In 2022, The Intercept assessed the growing risk of extreme heat in jails and prisons across the United States. But of the roughly 6,500 facilities The Intercept analyzed, only 16 were tribal detention centers and jails, excluding the vast majority of tribal facilities across the country. Grist and Type Investigations built on The Intercept’s reporting to fill this gap.
Based on an analysis from the Union of Concerned Scientists, information collected via Freedom of Information Act, or FOIA, requests from the BIA, and research conducted in partnership with the Carceral Ecologies Lab at the University of California, Los Angeles, we tracked heat risk for 81 tribal jails and prisons spread across 20 states.
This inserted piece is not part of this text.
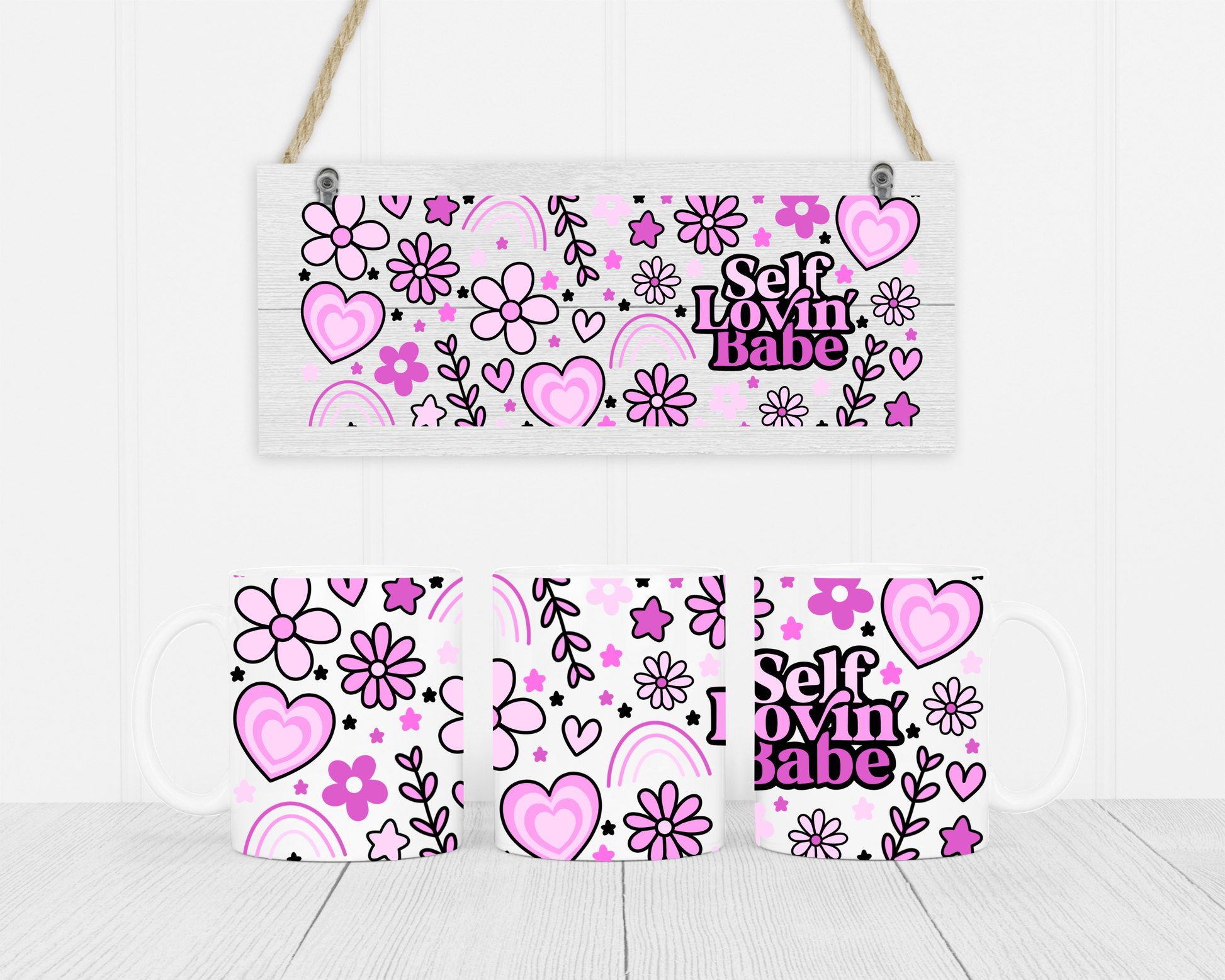 Featuring bold pink lettering surrounded by cute hearts, flowers and rainbows, this design is all about confidence, self-love and good vibes.

In 2019, the Union of Concerned Scientists published a county-by-county analysis of just how hot the contiguous U.S. could become under different levels of global climate action, from rapid action to reduce global emissions to effectively no action. The researchers then looked at the heat index, or the “feels like” temperature, which takes both humidity and air temperature into account, to paint a holistic picture of how heat would actually be experienced by communities on the ground. The National Weather Service also uses the heat index when issuing advisories or excessive heat warnings.
The researchers found that by mid-century, under a no-action scenario, “the average number of days per year with a heat index above 100°F will more than double, while the number of days per year above 105°F will quadruple.” In other words, in just a few decades, dangerous heat will become much more commonplace unless aggressive action is taken to limit climate change.
Grist / J.D. Reeves
Jails across the country already face challenges when it comes to managing heat. The Intercept’s analysis found that “hundreds of thousands of incarcerated people are being subjected to prolonged periods of high heat every year.” Tribal jails are no different.
According to information Grist obtained through FOIA, most tribal facilities are in the Western U.S., where climates tend to be arid or hot. Nearly 20 percent of tribal facilities already face more than 50 days per year with a heat index above 90 degrees — the point at which heatstroke and heat exhaustion become much greater risks, particularly for vulnerable groups, such as elderly and obese people, and those with preexisting health conditions.
Within 80 years, if emissions continue to grow at their current rate, three out of four tribal facilities could experience 50 days or more in those temperatures.
Grist / Jessie Blaeser
Hundred-degree temperatures are a key marker for the National Weather Service. Generally, heat advisories are issued once the heat index reaches 100 degrees for 48 hours. Just five tribal facilities typically experience more than 50 days per year where the heat index tops 100 degrees F. But at the world’s current rate of emissions growth, that number will more than triple by the end of the century, with 17 tribal facilities experiencing 50 or more days per year where the heat index tops 100 degrees. Places like the Colorado River Indian Tribes Female Adult Detention Center and the Salt River Pima-Maricopa Department of Corrections Juvenile facility, located in Parker and Scottsdale, Arizona, respectively, could experience well over 100 days per year in 100-degree heat.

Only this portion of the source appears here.